I am grateful also to many people at Northwestern and in Chicago: Jeffrey Masten, Bonnie Honig, Susannah Gottlieb, John Keene, Tricia Dailey, Carole Boyce Davies, Helmut Muller Sievers, Betsy Erkkila, Lynn Spigel, Reginald Gibbons, Sam Weber, Sandra Richards, Jay Grossman, Eric Sundquist, Elzbieta Foeller-Pituch, Miguel Vatter, Regina Schwartz, Tori Marlan, Mary Finn, Harry Samuels, and the members of the Northwestern Theory Reading Group. Particular thanks to Sharon Holland, Jennifer DeVere Brody, Kevin Bell, Dwight McBride, Dorothy Wang, E. Patrick Johnson, and Michael Hanchard for their collegiality and friendship. The staff in the Northwestern English and African American Studies departments provided smooth operations; many thanks to Kathy Daniels, Natasha Dennison, Marsha Figaro, Stacia Kozlowski, Nathan Mead, and Marilyn Williams. Jules Law and Jennifer Brody deserve special mention for being such exceptional mentors. A great deal of the final work on the manuscript was made possible by a generous fellowship from the Alice Berline Center for the Humanities at Northwestern.

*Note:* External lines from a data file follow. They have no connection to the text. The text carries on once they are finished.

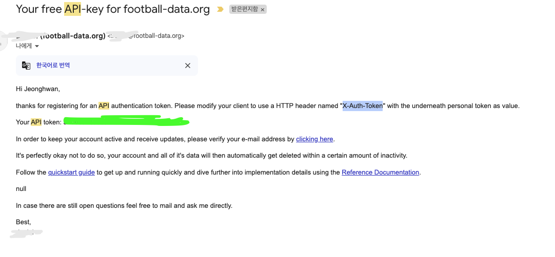 발급받은 토큰은 football-data 사이트에서 로그인을 할때 사용되며 모든 API 통신에 Header에 넣어 사용해야합니다.
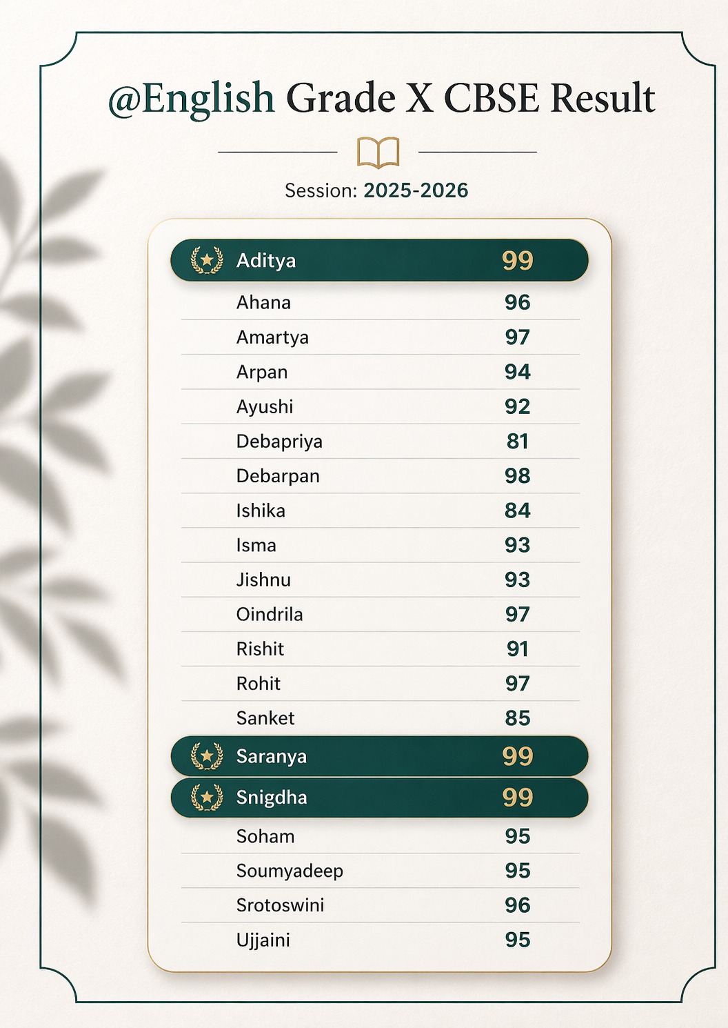 At @ENGLISH, we believe every student has a unique voice and our job is to help them find it. Whether you’re preparing for board exams, struggling with grammar, working on essays, or want to communicate more confidently, we’re here to guide you every step of the way.
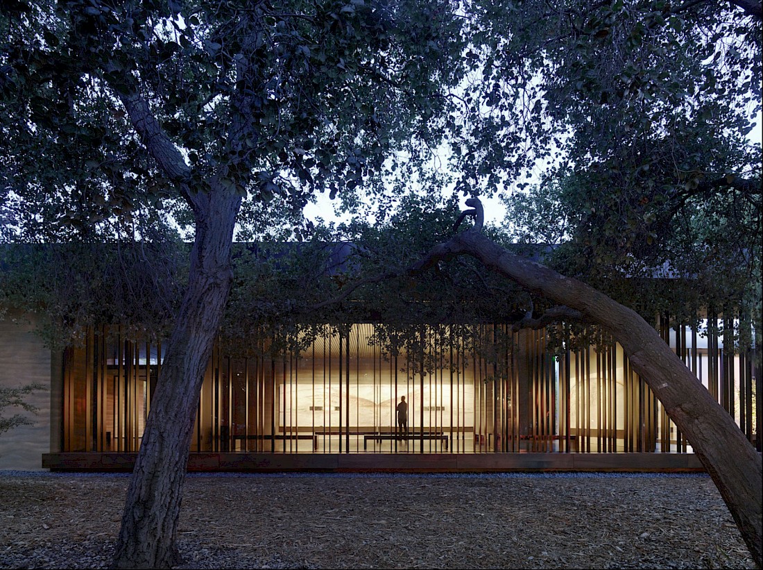 The Windhover Contemplative Centre at Stanford University (USA), Designed in collaboration with Andrea Cochran Landscape Architecture, is a ‘spiritual retreat' on the Stanford campus, with “rammed earth walls, wood surfaces, and water [to] heighten the visitor's sensory experience acoustically, tactilely, olfactorily, and visually." [4]
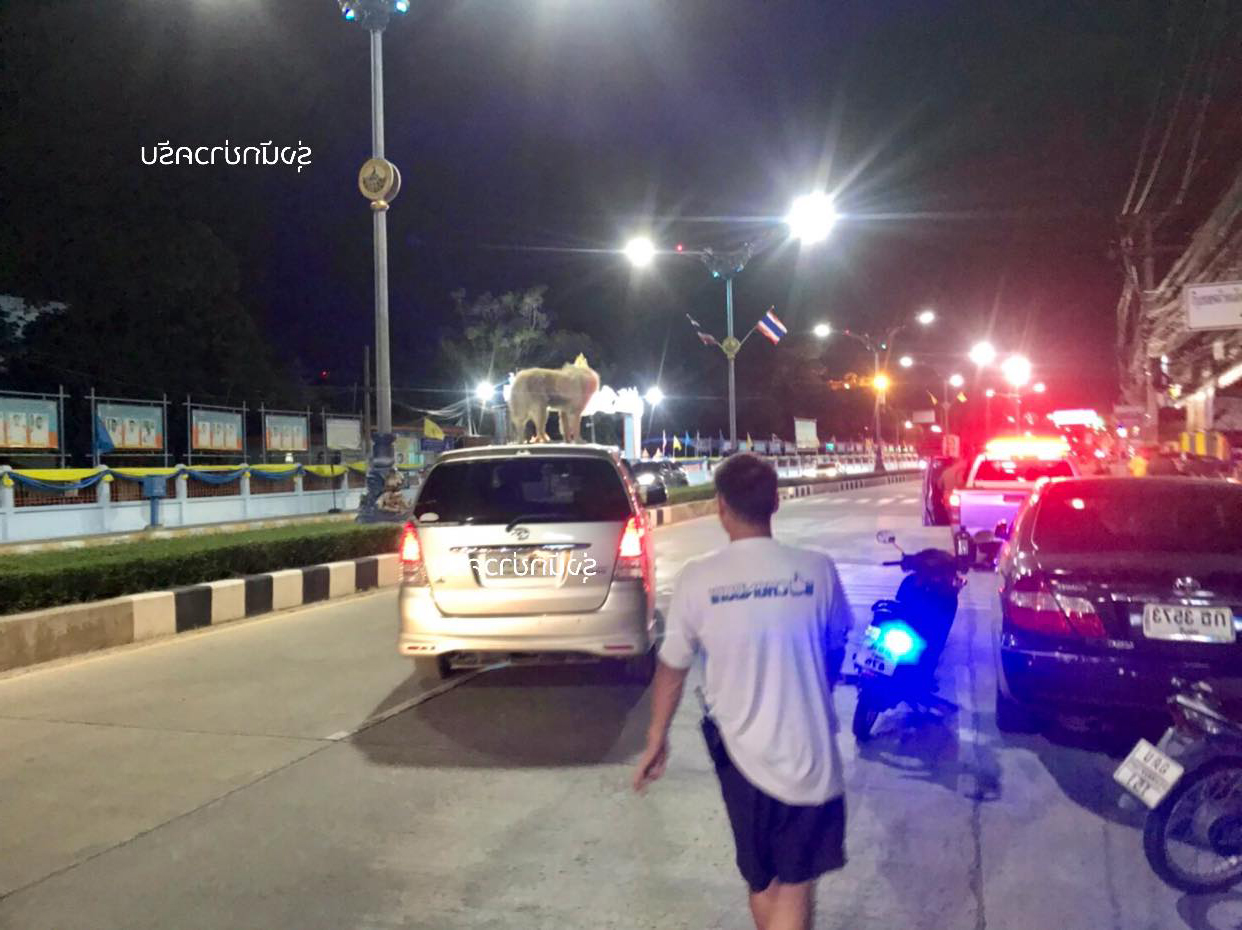 ▼車主實在沒有辦法,只好報警請求協助。警察趕到後試著大叫讓Sip Saen下來,但牠一臉嚴肅地坐在車頂,眼神望向遠方,不為所動。後來大家又用食物哄牠,Sip Saen吃了幾口後還是坐在上面不下來。
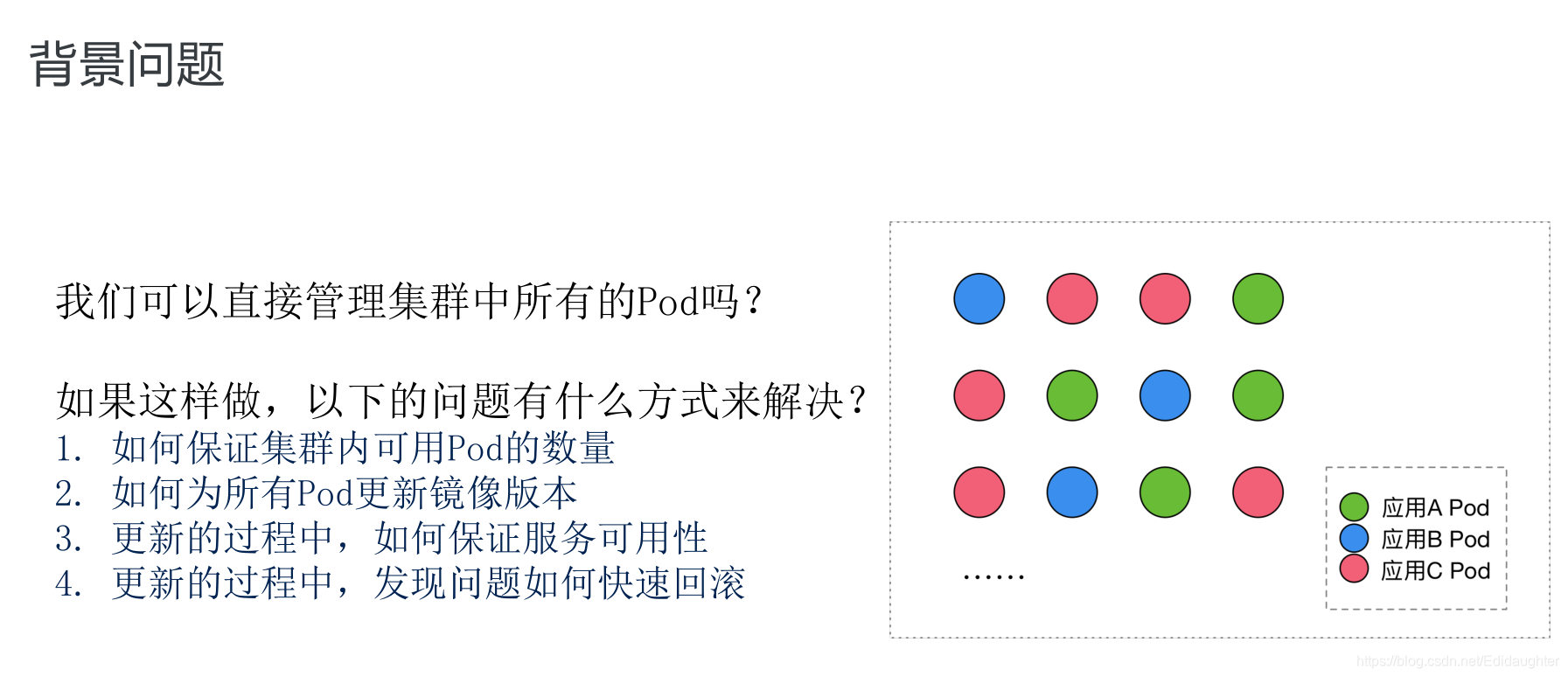首先,Deployment定义了一种Pod期望数量,比如说应用A,我们期望Pod数量是四个,那么这样的话,
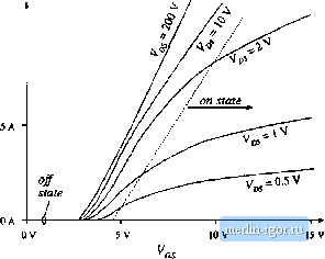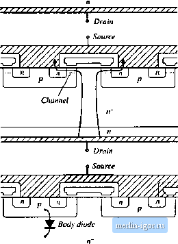 Depletion rtgion Fig. 4.27 Operation of the [sowei-MOSFFT: <a) in tlie off state, f, appears across the depletion region in tlie n~ region; (Ъ) curreiil flinv thnjngli the conducting channel in the on state; (c) body diode due to the f)-M junction. ![]() Draifi /д. The MOSFET is able to conduct peak currents well in excess of its average current rating, and tlie nature of tlie static characteristics is unclianged at high current levels. Logic-level power MOSFETs are also available, which operate in the on state with a gate-to-source voltage t)f 5 V. A few/-channel devices can be obtained, but their properties are inferior to those of equivalent n-channel devices. The on-iesistauce and forward voltage drop of the MOSFET have a positive temperature coefficient. This property makes it relatively easy to parallel devices. High current MOSFET modules are available, containing several parallel-connect chips. The major capacitances of the MOSFET are illustrated in Fig. 4.29. This model is sufficient for ША - Fig. 4.28 Typical static charatiCTistits of a power MOSFET, Dniin current i is plotted vs. gate-to-.чоигсе voltiige Vg-, for various values of draiii-to-source voltage ![]() qualitative understantiing of the MOSFET switching behavior; more accurate models account for the parasitic junction field-effect transistor inherent in the DMOS geometry. Switching times of the MOSFET are determined essentially by the times required for the gate driver to charge these capacitances. Since the drain current is a function of the gate-to-soiirce voltage, the rate at which the drain current changes is dependent on the rate at w hich the gate-to-soitrce capacitance is charged by the gate drive circuit. Likewise, the rate at which the drain voltage changes is a function of the rate at which the gate-to-drain capacitance is charged. The drain-to-source capacitance leads directly to switching loss in PWM conveitet.4, since the energy .stored in this capacitance is lost during the transi.stor turn-on transition. Switchitig loss is discussed in Section 4.3. The gate-to-source capacitance is essentially linear. However, the drain-to-soitrce and gate-to-drain capacitances are strongly nonlinear: these incremental capacitances vary as the inverse square root of the applied capacitor voltage. For example, the dependence of the incremental drain-to-source capacitance can be written in the form (4.4) where and Vg are constants that depend on the constritction of the device. These capacitances can easily vary by several orders of magnitude as f. varies over its nortnal operating range. For v. Vf Eq. Fig. 4.2il MOSFET equivalent circuit which accounts for the liody diode and effective termitial capacitances. Table 4.2 Charuderi.stics of several commercial /i-cliattncl power MOSFETa
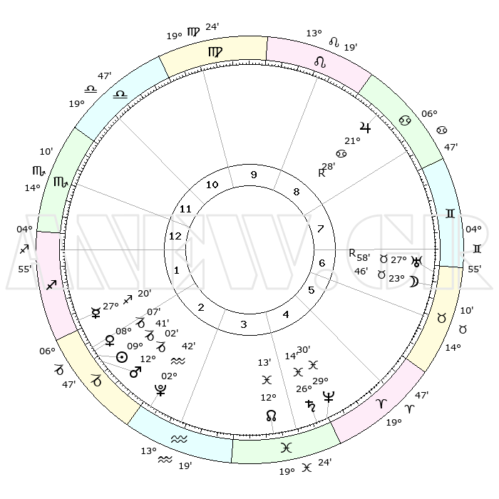 | | ΘΕΣΕΙΣ ΠΛΑΝΗΤΩΝ ΑΣΤΡΟΛΟΓΙΚΟΥ ΧΑΡΤΗ ΤΗΣ ΣΤΙΓΜΗΣ ΑΥΤΗΣ | | | | Πλανήτης | Ζώδιο | Μοίρες | Δεκαήμ. | Σε οίκο | Απόκλιση | | Ακμές των οίκων | | Ηλιος | Αιγόκερως | 09°36' | Πρώτο | 2 | 23 S 05 | | 1ος | 11°05' | Σκορπιός | | Σελήνη | Ταύρος | 22°33' | Τρίτο | 7 | 23 N 03 | | 2ος | 10°14' | Τοξότης | | Ερμής | Τοξότης | 27°13' | Τρίτο | 2 | 23 S 52 | | 3ος | 13°15' | Αιγόκερως | | Αφροδίτη | Αιγόκερως | 08°01' | Πρώτο | 2 | 23 S 40 | | 4ος | 18°15' | Υδροχόος | | Αρης | Αιγόκερως | 11°58' | Δεύτερο | 2 | 23 S 46 | | 5ος | 20°52' | Ιχθείς | | Δίας | Καρκίνος | 21°29'R | Τρίτο | 9 | 21 N 57 | | 6ος | 18°23' | Κριός | | Κρόνος | Ιχθείς | 26°14' | Τρίτο | 5 | 03 S 35 | | 7ος | 11°05' | Ταύρος | | Ουρανός | Ταύρος | 27°58'R | Τρίτο | 7 | 19 N 31 | | 8ος | 10°14' | Δίδυμοι | | Ποσειδώνας | Ιχθείς | 29°30' | Τρίτο | 5 | 01 S 25 | | 9ος | 13°15' | Καρκίνος | | Πλούτωνας | Υδροχόος | 02°42' | Πρώτο | 3 | 23 S 14 | | 10ος | 18°15' | Λέων | | Β. Δεσμός | Ιχθείς | 12°13' | Δεύτερο | 4 | 06 S 59 | | 11ος | 20°52' | Παρθένος | | Ωροσκόπος | Σκορπιός | 11°05' | Δεύτερο | | | 12ος | 18°23' | Ζυγός | | Μεσουράνημα | Λέων | 18°15' | Δεύτερο | | | |

Much gratitude goes to all those who read parts of manuscript and/or discussed its arguments with me at one point or another: Jonathan Arac, Kevin Bell, Lawrence Ytzak Brathwaite, Jennifer DeVere Brody, Joseph Chaves, Erik Dussere, Brian Edwards, Robert Gooding-Williams, Lisa Gitelman, Michael Hanchard, Kodwo Eshun, Ronald Judy, Andrea Klein-huber, Jules Law, Ira Livingston, Ruth Mayer, Charles Mudede, Alondra Nelson, Ulfried Reichardt, Ryan Snyder, and the readers at Duke University Press and the University of Minnesota Press. I thank Ken Wissoker for believing in this book as it currently stands and the staff of Duke University Press for their patience and expertise. A heap of gratitude goes to Sonia Nelson, who undertook the gargantuan task of proofreading an earlier incarnation of the whole manuscript, and Abigail Derecho, who compiled the index. Many thanks go out to Nadine Robinson for the permission to use her artwork and to Alondra Nelson for suggesting Robinsons work. I cannot do justice to the depths of Fred Motens engagement with the conceptual architecture of this book.